What this task involves — Output the lines of the records from the one containing "12月17日,顾客在河北省遵" through the last, both ends included. Leave pictures out.
BEGIN
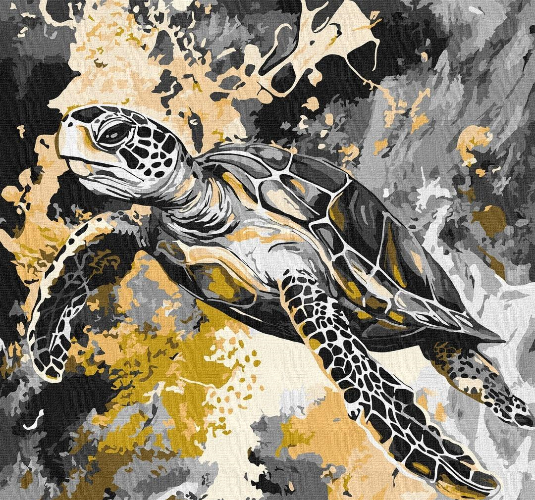Malowanie po numerach - Złoty żółw metal 40x40cm
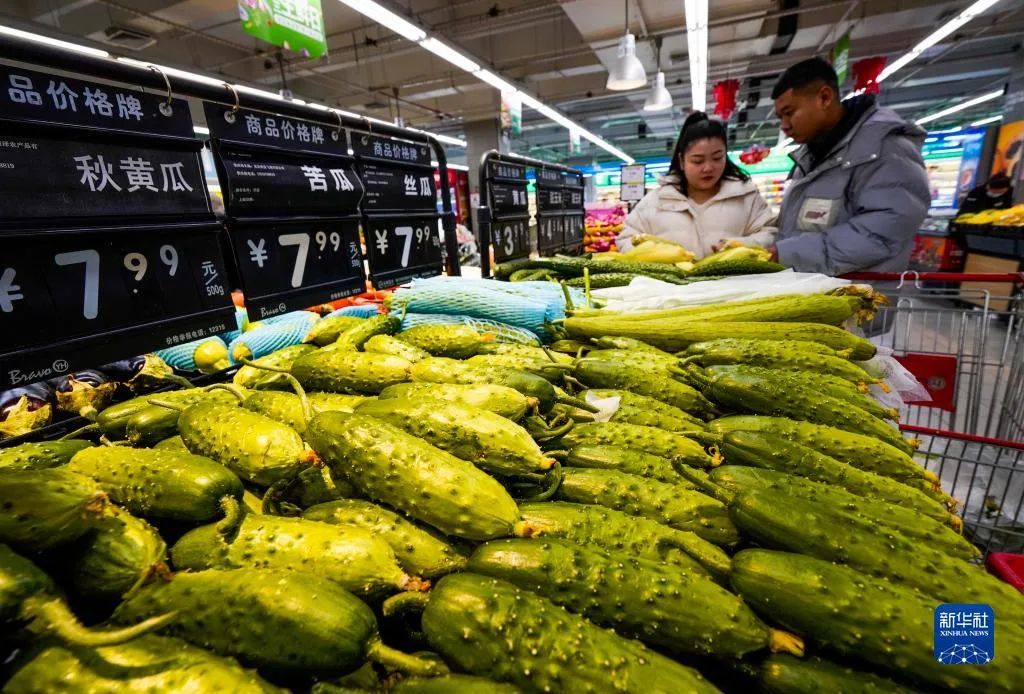 12月17日,顾客在河北省遵化市一家超市选购蔬菜。当地在寒潮天气下采取蔬菜外运、内供两手抓的办法,做好本地蔬菜外运和外地蔬菜调剂内供工作,保障人民生活需要。图片来源:新华社
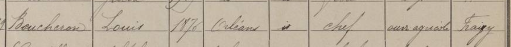 Louis BOUCHERON est originaire du centre-ville d’Orléans. Il nait le 9 janvier 1876 au domicile de sa mère, Rue du Héron (dans le centre, près du pont Georges V). Né de père inconnu, il porte donc le patronyme de sa mère, Marie Virginie Joséphine BOUCHERON, journalière.
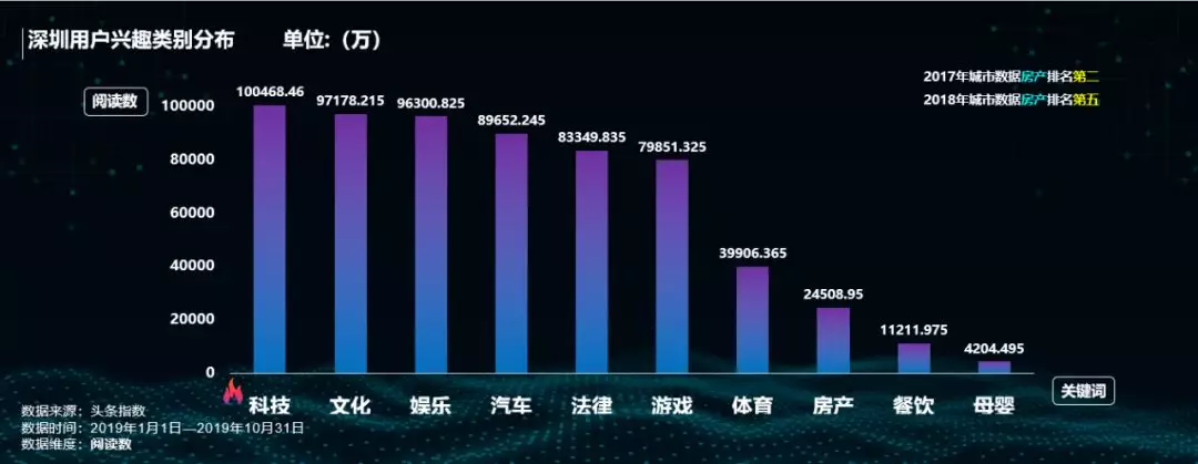 今年深圳网友对科技最感兴趣,文化次之。房产排名连续两年下滑,2017年排名第二,2018年跌至第五,而今年降至第八。
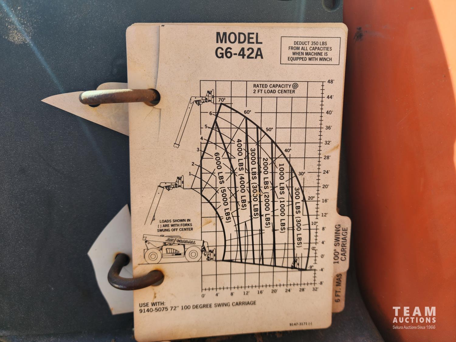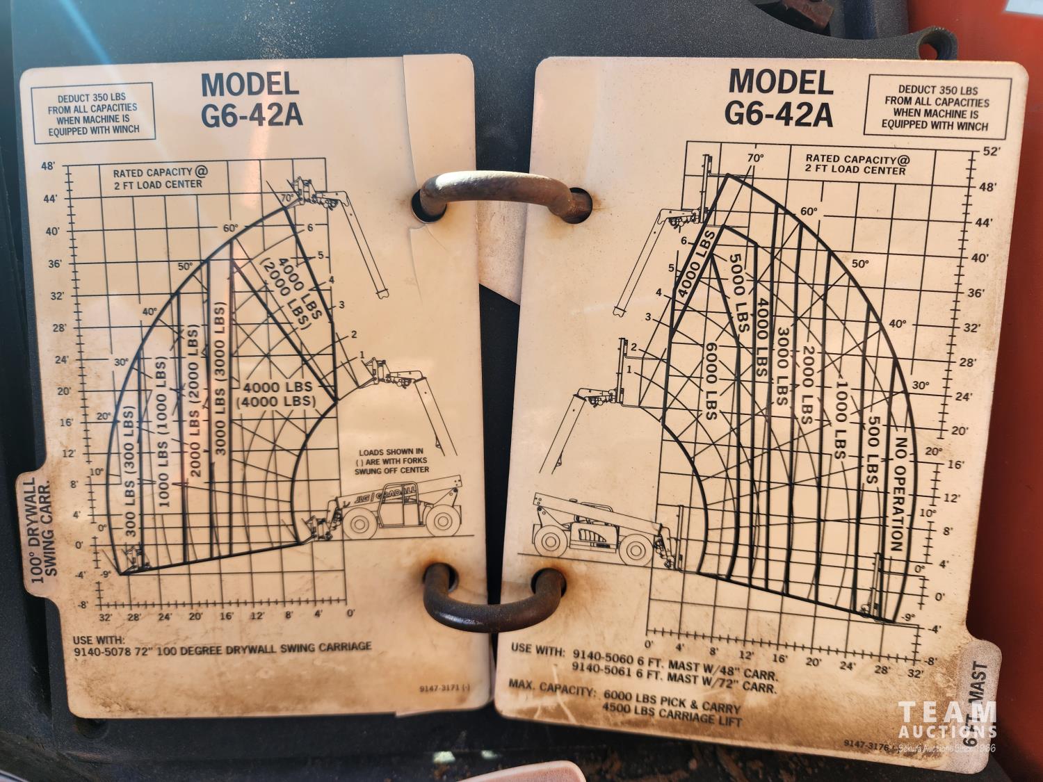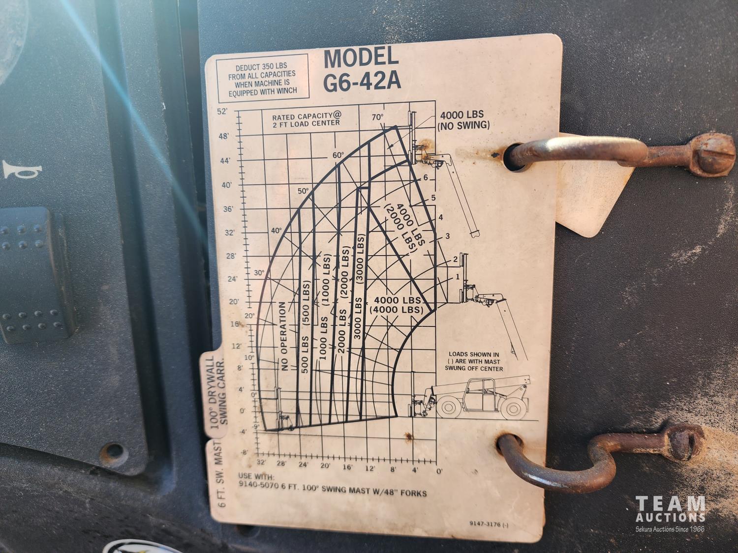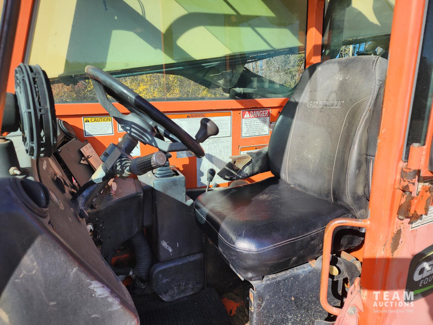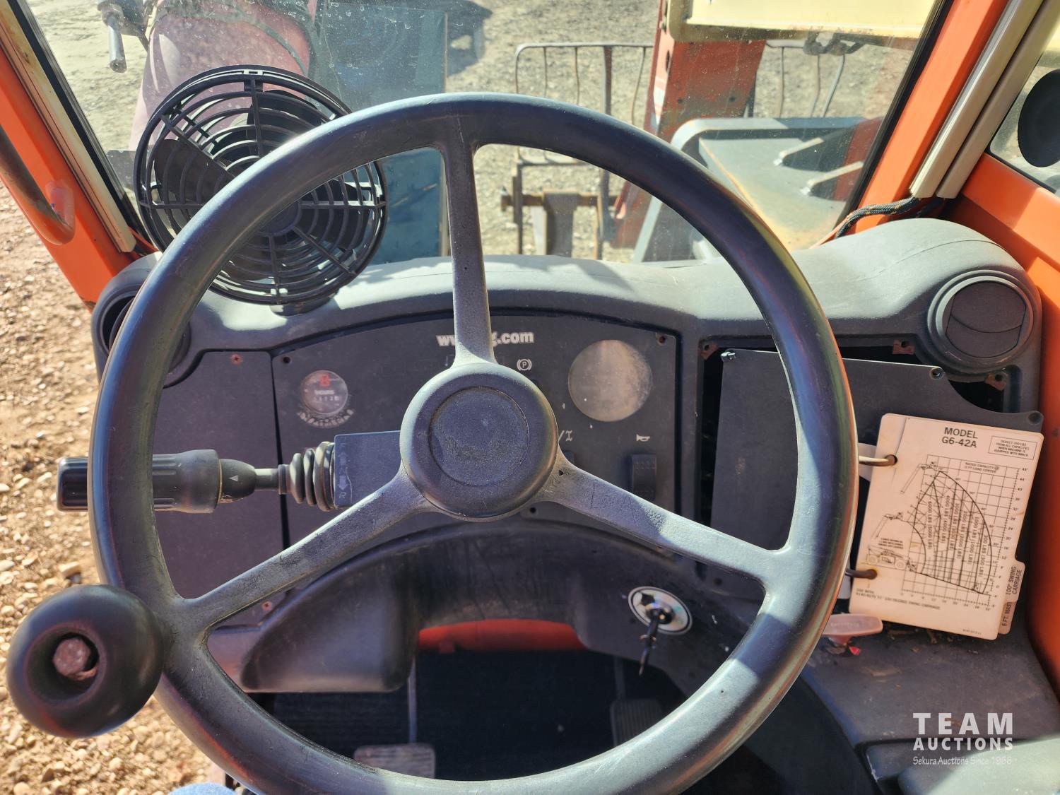 John Deere diesel engine, Gradall 4 ft forks, heated cab, Maximum Lift Height 42 ft, Max capacity 6600 lb, 13.00-24TG tires
END
Solution to this exercise —
 12月17日,顾客在河北省遵化市一家超市选购蔬菜。当地在寒潮天气下采取蔬菜外运、内供两手抓的办法,做好本地蔬菜外运和外地蔬菜调剂内供工作,保障人民生活需要。图片来源:新华社
 Louis BOUCHERON est originaire du centre-ville d’Orléans. Il nait le 9 janvier 1876 au domicile de sa mère, Rue du Héron (dans le centre, près du pont Georges V). Né de père inconnu, il porte donc le patronyme de sa mère, Marie Virginie Joséphine BOUCHERON, journalière.
 今年深圳网友对科技最感兴趣,文化次之。房产排名连续两年下滑,2017年排名第二,2018年跌至第五,而今年降至第八。
 John Deere diesel engine, Gradall 4 ft forks, heated cab, Maximum Lift Height 42 ft, Max capacity 6600 lb, 13.00-24TG tires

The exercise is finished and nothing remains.